Seems like a good price. I've been looking at Catalinas 30 and 34, and Irwin Citations 34, and HUnter 34s too (yes I know).
But - what and how are San Juans?


----------



## Faster (Sep 13, 2005)

The SJ 34 began life as Crown 34, produced in Vancouver BC. They are designed by a Hien Druhyzen (sp?) and are a pretty typical late 70s somewhat-IOR-influenced cruiser/racer. So if you search YW etc for Crown 34s you'll get to see more examples, and get an idea of what SJ may have changed from the original.

The Crowns have stood the test of time, with several in our area still racing and cruising. What the San Juan built boats are like I can't really say but if they followed the original scantlings then they're probably fine for what most of us do with our boats. That is a fair bit of boat for the money....

It is of the "skinny main big genoa" era, so will have the habits associated with the same. A bit of a dancer dead downwind, I'd expect, when the wind pipes up. But careful sail selection and heading choices makes that pretty manageable.

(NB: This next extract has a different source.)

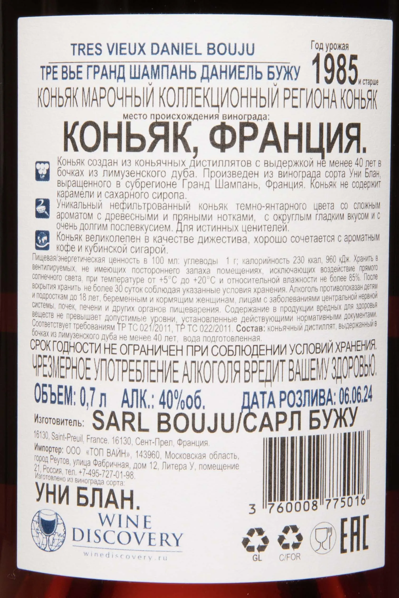 Коньяк Daniel Bouju Tres Vieux Grande Champagne 0.7 л – изысканный французский cognac, который создается купажистами коньячного дома Бужу. Производится из винограда, выращенного в лучшем регионе провинции Коньяк – Гран Шампань. Купаж отборных коньячных спиртов проходит длительный процесс выдержки в лимузенских дубовых бочонках на протяжении 40 лет, в собственных погребах компании. Продается в бутылках с сургучной печатью и упакован в презентабельную деревянную коробку, станет превосходным подарком для коллекционера, на 40-летний юбилей или на любой другой торжественный случай.
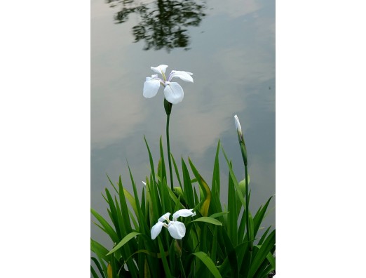 光がなくて 尚 静寂な感じがしました 今年お初の カキツバタです

The Crown 34 was refined into the Sceptre 36 and Sceptre Yachts was formed, and Sceptre has a pretty solid rep, esp for their pilothouse 41/43s.


----------



## SJ34 (Jul 30, 2008)

*San Juan 34*

I have one. The designer strayed somewhat from the IOR formula so there isn't as much bumping as some boats built to the rule. It's not as squirrely downwind as most IOR boats but you will have to pay attention in steep following seas. I can't speak for the Crowns or Sceptres but the San Juans are very solid built boats. The Clark built boats (San Juan) have a spade rudder and an inward facing flange hull/deck joint and the aluminum toe rail is bolted through the flange for structural rigidity. 
I have spoken to several who have made Pacific crossings with no other mods than adding auto pilots. Ours sails to weather brilliantly and is also pretty fast downwind. 
I would recommend one to a friend except I am very competive by nature and it would probably start an arms race


----------



## TSOJOURNER (Dec 16, 1999)

Clark Boat Works bought the molds from Crown in 1980, as Crown was dismantling to re-imerge as Sceptre [thanks to Hein Driehuyzen]. The Crown 34 was essentially left alone & became the San Juan 34. Only minor changes were made internally. The hull shape was still a.k.a. the Crown 34 racer/cruiser.

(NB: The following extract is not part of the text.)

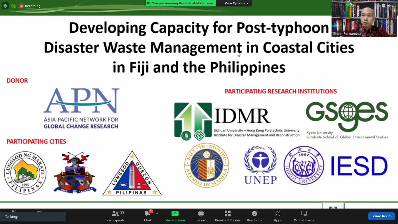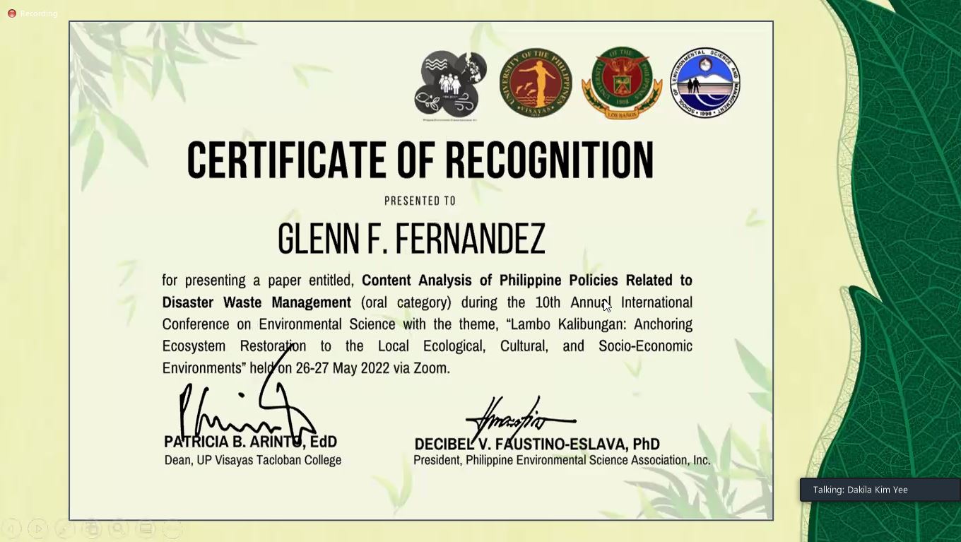 Dr. Glenn Fernandez, project leader, provided an encore presentation on “Content Analysis of Philippine Policies Related to Disaster Waste Management” on May 27, 2022 at the 10th Annual International Conference on Environmental Science (ACES) organized by the Philippine Environmental Science Association (PESA) and hosted by the University of the Philippines Tacloban. After the conference Dr. Fernandez applied for PESA membership.

The deep 6 ft. keel on the SJ 34/Crown 34 made it faster than many competitors. The 34' generally had a PHRF 130.

Some of the SJ 34's were built as racers with pipe berths; while others were intended as cruisers with more finished interiors. The racer/cruiser was a popular model for Clark Boat Works. But Clark Boat Works went out of business by 1984 & production of the SJ 34 was ceased.


----------



## SJ34 (Jul 30, 2008)

sanjuan2R said:


> Clark Boat Works bought the molds from Crown in 1980, as Crown was dismantling to re-imerge as Sceptre [thanks to Hein Driehuyzen]. The Crown 34 was essentially left alone & became the San Juan 34. Only minor changes were made internally. The hull shape was still a.k.a. the Crown 34 racer/cruiser.
> 
> The deep 6 ft. keel on the SJ 34/Crown 34 made it faster than many competitors. The 34' generally had a PHRF 130.
> 
> Some of the SJ 34's were built as racers with pipe berths; while others were intended as cruisers with more finished interiors. The racer/cruiser was a popular model for Clark Boat Works. But Clark Boat Works went out of business by 1984 & production of the SJ 34 was ceased.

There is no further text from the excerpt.